# Cooking cabrito



## THROBINROD

I posted this above in the BBQ forum but wanted some input from the non grillers. My goats are getting ready to have some younguns and I have never cooked one. Any tips and recipies would be welcome. How old/big should I let them get? I should have extra's if anybody is interested.

Thanks, 
Mark


----------



## RLwhaler

Mark,
Here's a good one for ya!
http://forum.texasbbqrub.com/showthr...hlight=cabrito

I'll would take a few,if there's any left.There best before pasture.

Richard



THROBINROD said:


> I posted this above in the BBQ forum but wanted some input from the non grillers. My goats are getting ready to have some younguns and I have never cooked one. Any tips and recipies would be welcome. How old/big should I let them get? I should have extra's if anybody is interested.
> 
> Thanks,
> Mark


----------



## outtotrout09

Mark,

We always cook them when they are around 1-4 months old female bore/spanish cross usally. We shoot them in head and cut throat to bleed out. Cool on ice and cook the next day. Cut it in 1/4s or right down back bone. I season them different every time Garlic powder, layer of Kosher Salt, Black coarse pepper, olive oil, lil red pepper, Fiesta Oregeno and Lime Juice is the norm somtimes a brisket rub works if thats all you got at the Ranch. I start with a Hot Mesquite fire burnt down to coals and cook them for probaly 1-2 hours on fire around 275-300 , then wrap in foil with onions and Jalapenos cook until meat will pull of bone. 
Somtimes I skip wrapping it in foil alltogether and just move my coals around to keep my fire not to hot so the goat wont dry up. The Kosher salt and rub will make a crispy layer and keep it moiste. Also Somtime I make a Mustard & Vinegar sauce and baste it till its finished. Serve with Barracho beans, Guacamole, Pico de gayo, fresh Corn Tortillas Or Bread and Mustard sauce also works!

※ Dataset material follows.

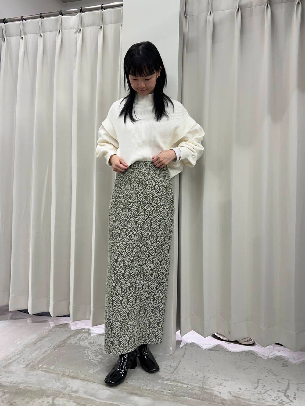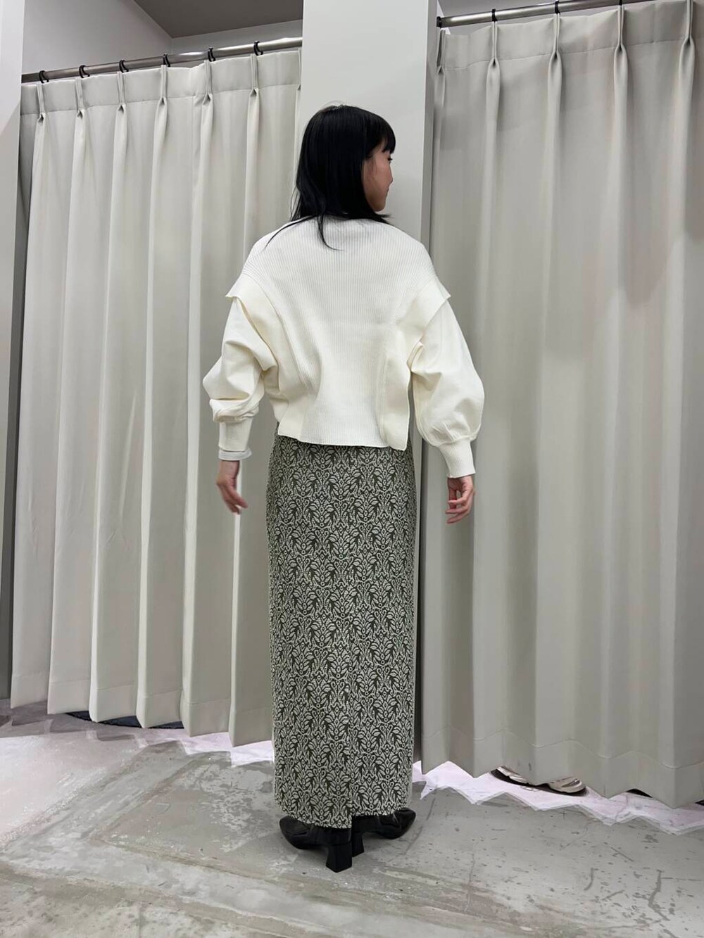 柄物のボトムスにはシンプルなセーター合わせがおすすめです💞

My Dad or Uncle always cooked goat on sundays during the spring and summer. This is how I learned to cook cabrito. They always told me its not soo much the size of the goat as long as it was female and young. Also how and who cleaned the goat. A clean shot in the head bleed out and dont let the hide/hair touch the meat when you skin it. If you got any kids left I would love one and would be happy to pay or trade for one. I will be down around POC march 9 and would be willing to meet you. 
Good Luck!

Thanks,
Sonny T


----------



## outtotrout09

RLwhaler said:


> Mark,
> Here's a good one for ya!
> http://forum.texasbbqrub.com/showthr...hlight=cabrito
> 
> I'll would take a few,if there's any left.There best before pasture.
> 
> Richard


Richard,

That Looks good Also!!!


----------



## El Cazador

Cook it the same as you would carne guisada but with "all" of the entrails included. If you don't like the innerds, that's okay too...


----------